I have tried to encode a random discrete signal which is not distributed according to the logistic mixture and I get 26bits average per dim. On the other hand, I tried encoding a signal which has been sampled from the logistic mixture and I also get something like 26bits-ish per dim. For values that are supposed to be 16bit integer that is unfortunate. I am guessing the 26 comes from the coding_prec which is set at 27. Anything below that ask for a higher precision to rebalance the buckets. I think the issue might have to do with the logistic parameters being provided to predict values in the [-1, 1] range. Any chance you have time to look into that?

vatj commented 4 years ago

After some debugging I have written a minimal example of the issue. It seems to me like the logistic, logistic mixture and gaussian with uniform bins are not functioning properly in the craystack core implementation.

import craystack as cs
import numpy as np
import time

hparams = dict()
# rANS precision
hparams['coding_prec'] = 14
# Bin precision for LogisticMixture_UnifBins codec
hparams['bin_precision'] = 8
# Lower bound for LogisticMixture_UnifBins codec
hparams['bin_lower_bound'] = -1.
# Upper bound for LogisticMixture_UnifBins codec
hparams['bin_upper_bound'] = 1.
# dims
hparams['dims'] = pow(2, 4)
# Encoding shape
hparams['target_shape'] = (1, hparams['dims'])
# Parameter shape
hparams['parameter_shape'] = (1, 10, hparams['dims']) # middle axis is n_logisitic_in_mixture

# Instantiate parameters for logistic distribution. A strong peak around the mean should be enough to encode the audio with very few bits
peak = -3
logits = np.ones(hparams['parameter_shape']) 
means = np.zeros(hparams['parameter_shape'])
log_scales = np.zeros(hparams['parameter_shape']) + peak

# Instantiate data whose value is mean of the logistic distribution
audio = np.zeros(hparams['target_shape']) + pow(2, hparams['bin_precision'] - 1)

print(audio) 

## Encode
encode_t0 = time.time()
init_message = cs.empty_message(shape=hparams['target_shape'])

# Codec
elem_push, elem_pop = cs.LogisticMixture_UnifBins(
  logit_probs=logits, means=means, log_scales=log_scales,
  bin_lb=hparams['bin_lower_bound'], bin_ub=hparams['bin_upper_bound'],
  bin_prec=hparams['bin_precision'], coding_prec=hparams['coding_prec'])
# elem_push, elem_pop = cs.Logistic_UnifBins(
#   means=means, log_scales=log_scales,
#   bin_lb=hparams['bin_lower_bound'], bin_ub=hparams['bin_upper_bound'],
#   bin_prec=hparams['bin_precision'], coding_prec=hparams['coding_prec'])
# elem_push, elem_pop = cs.DiagGaussian_UnifBins(
#   mean=means, stdd=np.exp(log_scales),
#   bin_min=hparams['bin_lower_bound'], bin_max=hparams['bin_upper_bound'],
#   n_bins=pow(2,hparams['bin_precision']), coding_prec=hparams['coding_prec'])

# Encode the mnist images
message = elem_push(init_message, audio.astype('uint64'))

flat_message = cs.flatten(message)
print(flat_message.dtype)
encode_t = time.time() - encode_t0

print("All encoded in {:.2f}s.".format(encode_t))

message_len = 32 * len(flat_message)
print("Used {} bits.".format(message_len))
print("This is {:.2f} bits per dim.".format(message_len / hparams['dims']))

## Decode
decode_t0 = time.time()
message = cs.unflatten(flat_message, shape=hparams['target_shape'])

message, audio_ = elem_pop(message)
decode_t = time.time() - decode_t0

print(f'decoded audio shape : {audio_.shape}')

print('All decoded in {:.2f}s.'.format(decode_t))

np.testing.assert_equal(audio, audio_)
np.testing.assert_equal(message, init_message)

Running this script output a whopping 40 bits per dimension which is clearly wrong.
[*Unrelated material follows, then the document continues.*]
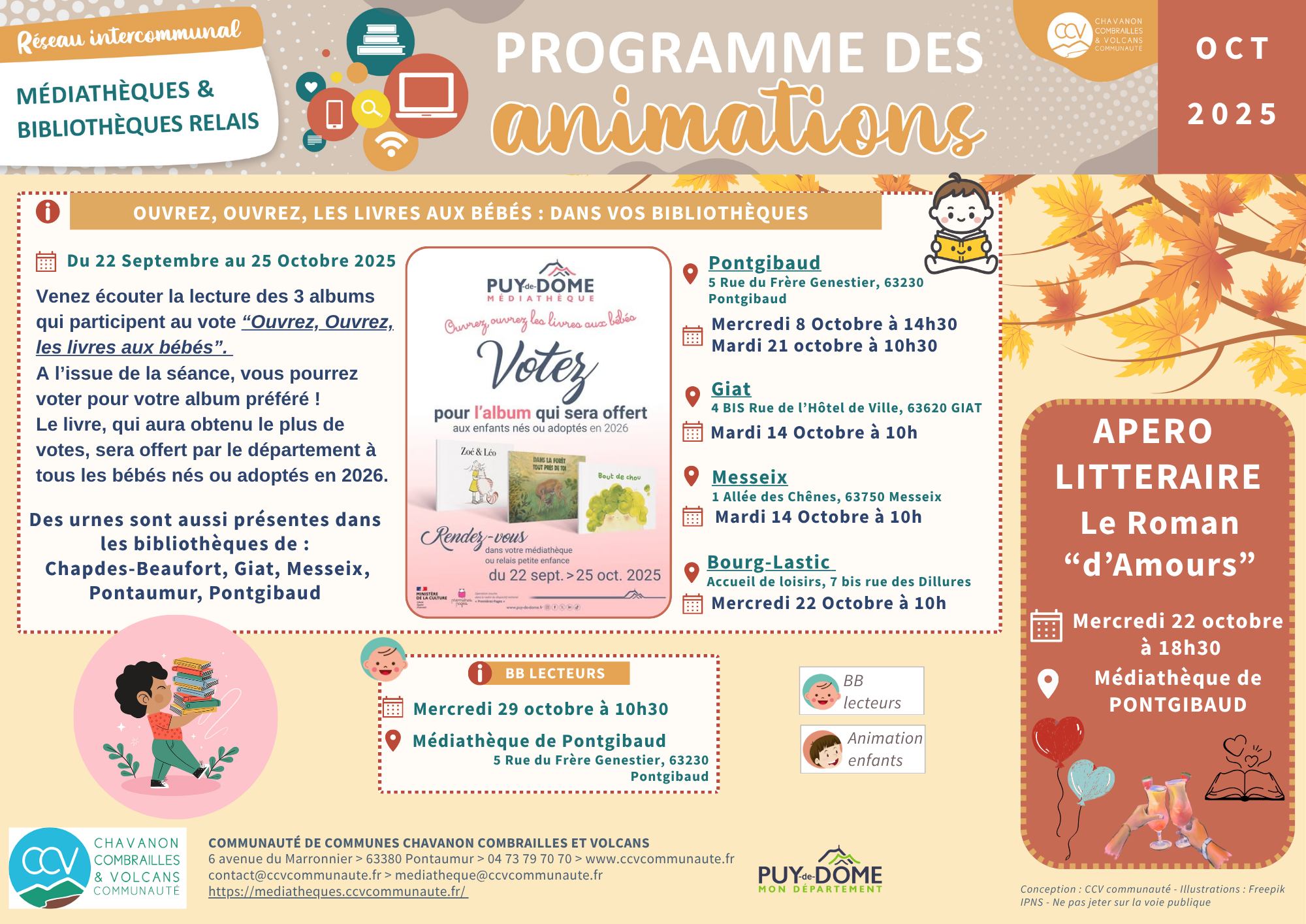 Planning_animations_octobre_2025 Full size 2000 × 1414 pixels « Ouvrez ouvrez les livres aux bébés » : à vos votes ! Tweet Share 0 Reddit +1 Pocket LinkedIn 0 Previous image

The encoding of an array with value all equal to the means of the distribution should be very efficient. Could you please investigate this issue?
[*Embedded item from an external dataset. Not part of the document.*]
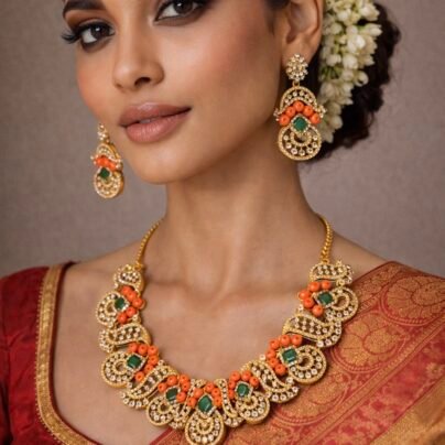 (0)Gold-Tone Designer Necklace Set with Coral Beads
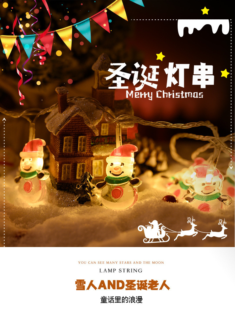 新款LED灯串圣诞树雪人老人头圣诞节万圣节日气氛装饰灯闪灯

j-towns commented 4 years ago

Hi victor. Sorry for being unresponsive. I’m very busy at the moment writing up my PhD thesis and may not get round to looking at this properly in the next couple of months. It’s possible @tom-bird or @JuliusKunze may be able to take a look.

vatj commented 4 years ago

I solved the issue by looking at the rans test function. Indeed, for one data point it performs very poorly but for additional points performance increases rapidly. There seems to be a fairly constant overhead that becomes rapidly negligible as new datapoints are added. Best of luck for your writing up.